Получалось, что все окружавшие меня интернатские ребята были детьми разведчиков, детьми чекистов, детьми никому неведомых героев. А у Толика Нукина, круглолицего, вечно потного, совершенно обыкновенного, отец, оказывается, был нелегалом! То есть он жил в чужой стране под чужой фамилией вместе с женой, прикрывался чужим гражданством, говорил только на чужом языке! До меня вдруг дошло, что Толик не видел родителей уже несколько лет, получал письма и подарки от них исключительно через куратора, а когда им пришёл срок возвращаться, он неожиданно узнал, что у него появился братик, что братику уже исполнилось два годика и вообще много разного…
Дети…
Мы были самыми обыкновенными детьми: хулиганили, дрались, приворовывали… Ваня Курлаков неоднократно попадался воспитателям в пьяном виде после посещения ближайшей разливочной, устраивал потасовки и был в конце концов отчислен из интерната, а после школы загремел в тюрьму. Стасик Ленский тоже постоянно дрался, не в силах сдержать свою страсть к боксу, регулярно вышибал кому-то зубы. Олежка Малицев лазил по водосточной трубе подглядывать за девочками в бане. Внук директора нашего интерната крал, как поговаривали, всё, что подворачивалось ему под руку (Правда ли это? Одно время я водил с ним дружбу, а потом начал демонстративно сторониться его. Стыдно, но так было). Его звали Миша, он умер от рака крови через несколько лет после окончания школы. Однажды он явился ко мне во сне и сказал, что вскоре всё закончится. Я решил, что речь шла о смерти. Миша успокоил, что это не больно и что похоже на день рождения. Я не умер, но в означенный день потерял сознание, – видно, я не совсем верно понял его слова (или он так пошутил).
Дети чекистов…
Моя голова шла кругом. Для меня это был год, когда я впервые остался без родителей и попал в московскую школу, о которой не имел ни малейшего понятия. В Москве, столице СССР, царили совершенно чуждые мне нравы, дикие нравы. Я воспринял Москву как инородный мне город, родина моя казалась мне чужой страной.

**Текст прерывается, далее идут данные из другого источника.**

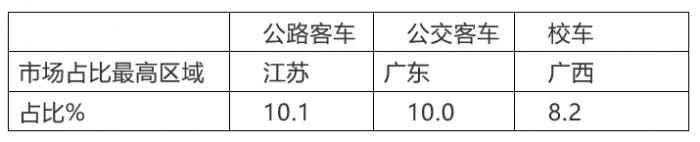 表5,根据上牌信息,2023年1-12月5米以上客车三大细分市场市场份额最高区域及占比统计:
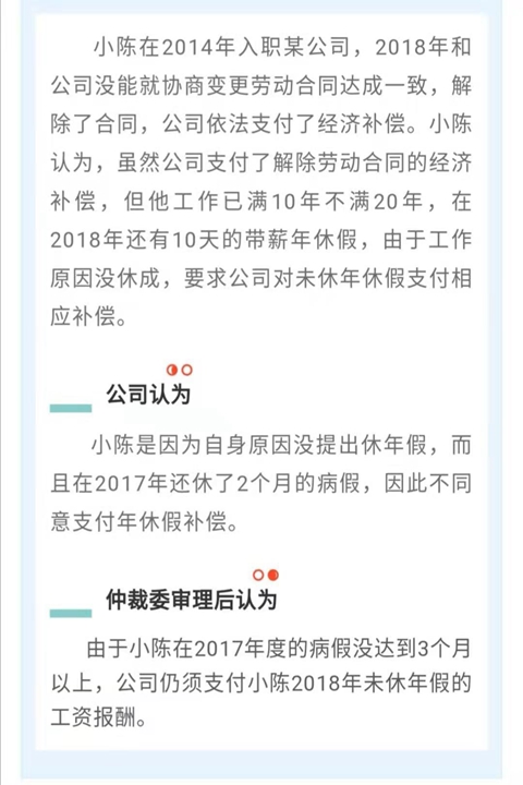 未休年假能要求經濟補償嗎?人社部官方微信2日發(fā)布案例,小陳2018年和公司解除了合同,公司依法支付了經濟補償。小陳認為,他工作已滿10年不滿20年,在2018年還有10天的帶薪年休假,由于工作原因沒休成,要求公司對未休年休假支付相應補償。此訴求最終獲得仲裁委支持。(李金磊)

Я вырос в Индии в тепличных условиях. В советской «колонии», в нашем так называемом Городке, не было драк между детьми. Если случалось кому-то из мальчишек схлестнуться, то родители быстренько надевали узду на своих буянов. В Москве же синяки и кровоподтёки оказались, как я быстро усвоил, делом не только привычным, но и само собой разумеющимся. Дрались прямо в школе, не страшась никаких наказаний, могли схватиться даже не в скрытом от посторонних глаз грязном туалете, а непосредственно перед входом в классную комнату, нанося удары тяжёлыми жёлтыми пряжками хлёстких кожаных ремней. Когда я впервые увидел драку, где ребята лупили друг друга ремнями, сгрудившись на лестничной клетке, я остолбенел, не мог поверить, что такое может происходить в действительности.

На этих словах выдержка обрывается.